TASK REQUIREMENTS: What is needed is an exact transcription of the line containing "民警向群眾講解交通安全知識。" and every line after it through the end of the entries below, with no pictures.

RECORDS SHOWN:
_ _ _ _
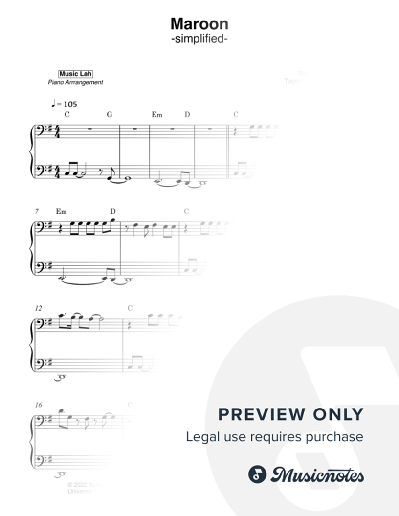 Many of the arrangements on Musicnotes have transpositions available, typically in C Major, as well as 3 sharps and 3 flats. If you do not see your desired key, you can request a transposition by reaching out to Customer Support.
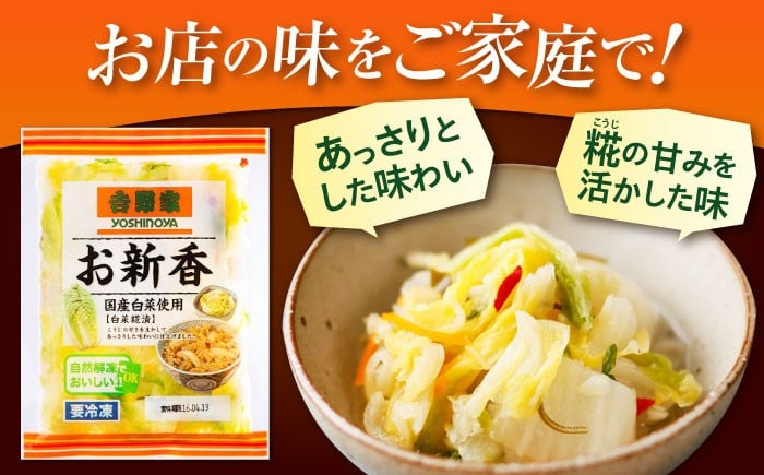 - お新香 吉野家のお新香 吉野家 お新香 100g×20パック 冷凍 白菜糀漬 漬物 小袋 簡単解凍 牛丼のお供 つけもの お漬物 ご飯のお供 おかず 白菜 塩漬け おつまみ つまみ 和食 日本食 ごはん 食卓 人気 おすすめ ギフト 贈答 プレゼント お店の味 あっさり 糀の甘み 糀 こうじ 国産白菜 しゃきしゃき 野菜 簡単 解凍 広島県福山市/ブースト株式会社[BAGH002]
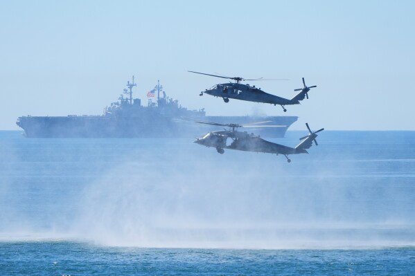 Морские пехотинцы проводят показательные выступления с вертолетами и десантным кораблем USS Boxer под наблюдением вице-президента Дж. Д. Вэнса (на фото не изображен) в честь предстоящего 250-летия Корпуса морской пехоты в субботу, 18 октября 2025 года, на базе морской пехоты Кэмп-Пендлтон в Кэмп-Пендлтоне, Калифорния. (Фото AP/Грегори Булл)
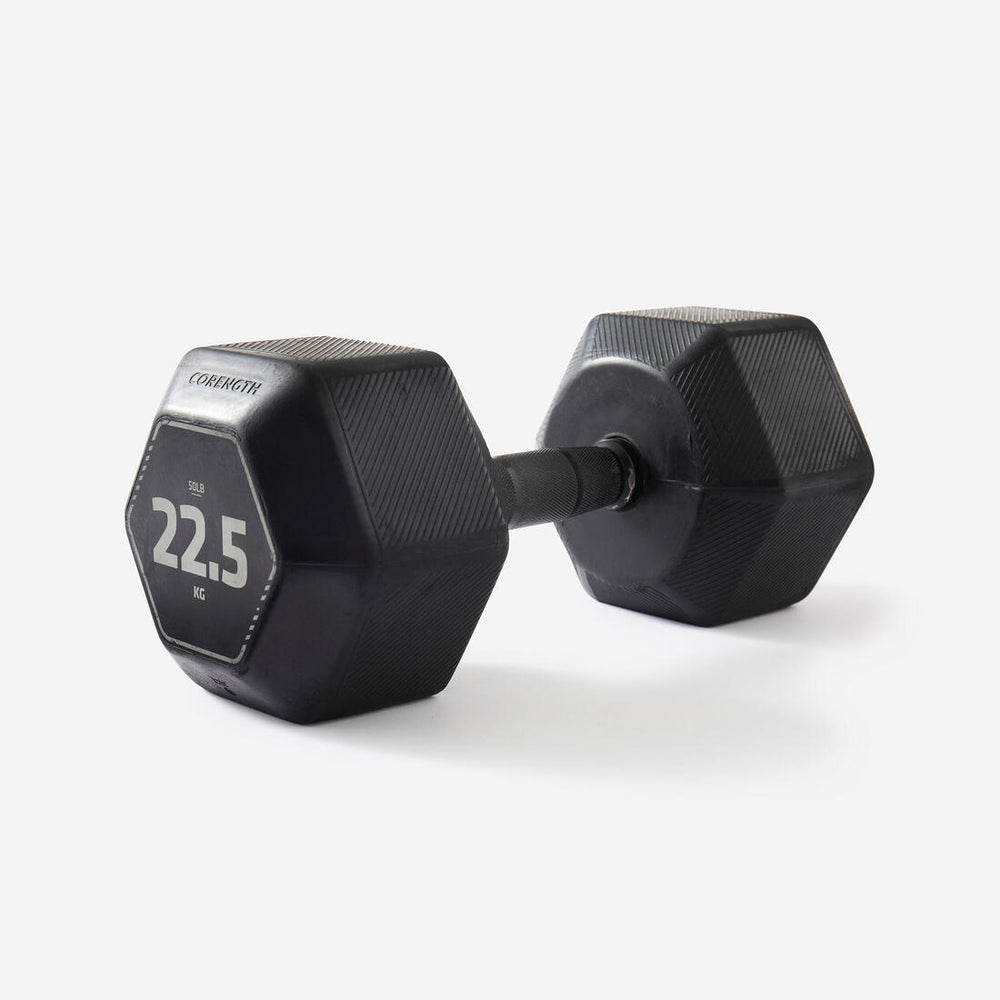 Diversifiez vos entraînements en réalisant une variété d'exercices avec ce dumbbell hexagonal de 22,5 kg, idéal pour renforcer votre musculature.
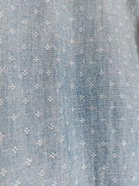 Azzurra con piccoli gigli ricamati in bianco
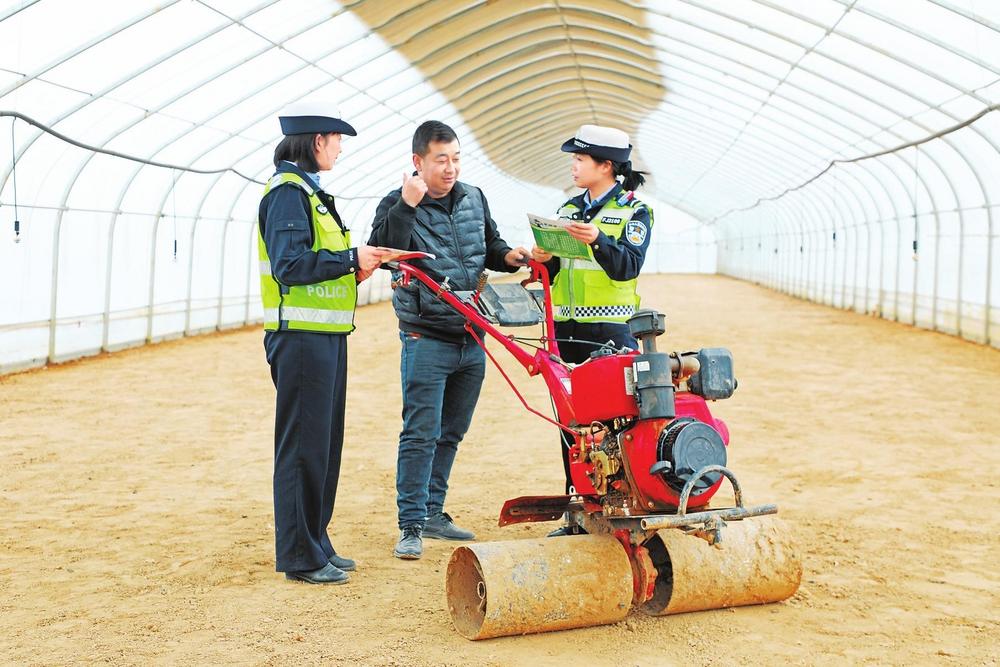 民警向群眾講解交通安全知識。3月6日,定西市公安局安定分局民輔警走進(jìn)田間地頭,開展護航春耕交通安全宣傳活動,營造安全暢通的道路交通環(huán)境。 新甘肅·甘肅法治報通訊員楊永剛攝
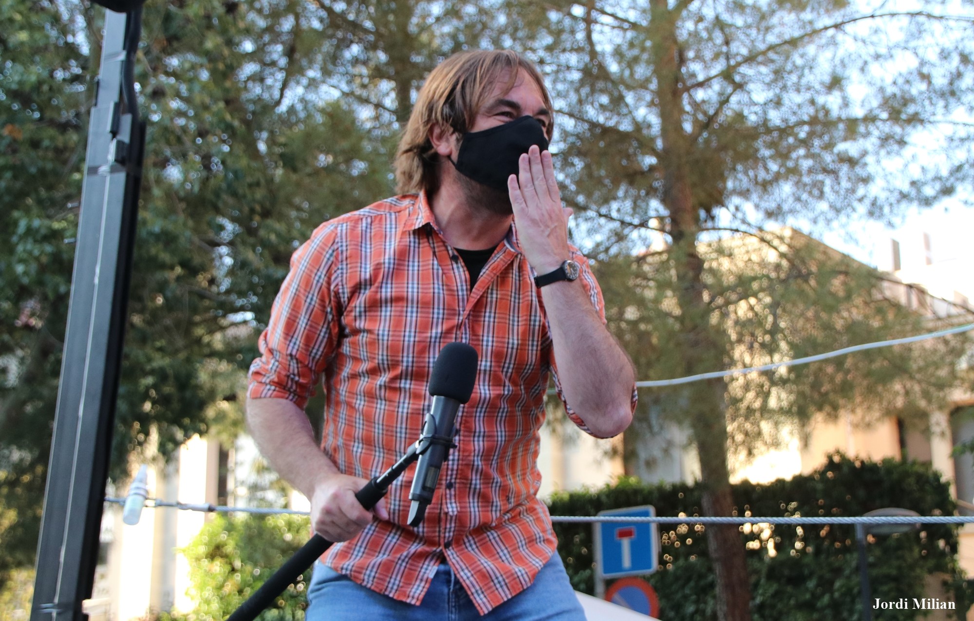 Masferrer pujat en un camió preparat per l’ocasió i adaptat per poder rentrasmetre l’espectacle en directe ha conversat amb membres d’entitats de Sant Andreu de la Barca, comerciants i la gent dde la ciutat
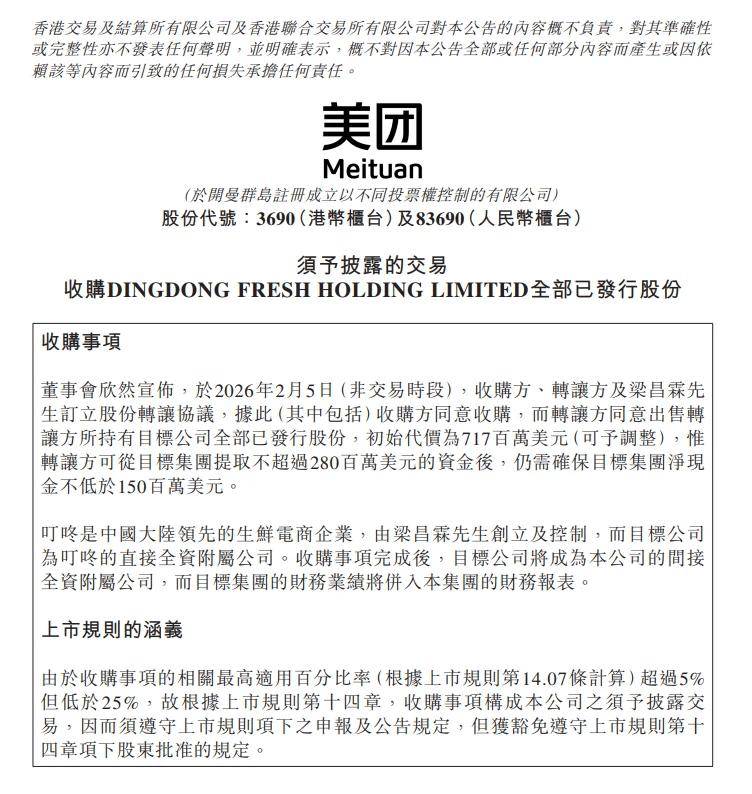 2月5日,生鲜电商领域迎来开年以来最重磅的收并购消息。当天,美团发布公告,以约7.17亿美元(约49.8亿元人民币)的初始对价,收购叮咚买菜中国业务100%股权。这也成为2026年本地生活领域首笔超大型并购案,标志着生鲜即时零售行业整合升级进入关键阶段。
_ _ _ _
REPLY TO THE EXERCISE:
 民警向群眾講解交通安全知識。3月6日,定西市公安局安定分局民輔警走進(jìn)田間地頭,開展護航春耕交通安全宣傳活動,營造安全暢通的道路交通環(huán)境。 新甘肅·甘肅法治報通訊員楊永剛攝
 Masferrer pujat en un camió preparat per l’ocasió i adaptat per poder rentrasmetre l’espectacle en directe ha conversat amb membres d’entitats de Sant Andreu de la Barca, comerciants i la gent dde la ciutat
 2月5日,生鲜电商领域迎来开年以来最重磅的收并购消息。当天,美团发布公告,以约7.17亿美元(约49.8亿元人民币)的初始对价,收购叮咚买菜中国业务100%股权。这也成为2026年本地生活领域首笔超大型并购案,标志着生鲜即时零售行业整合升级进入关键阶段。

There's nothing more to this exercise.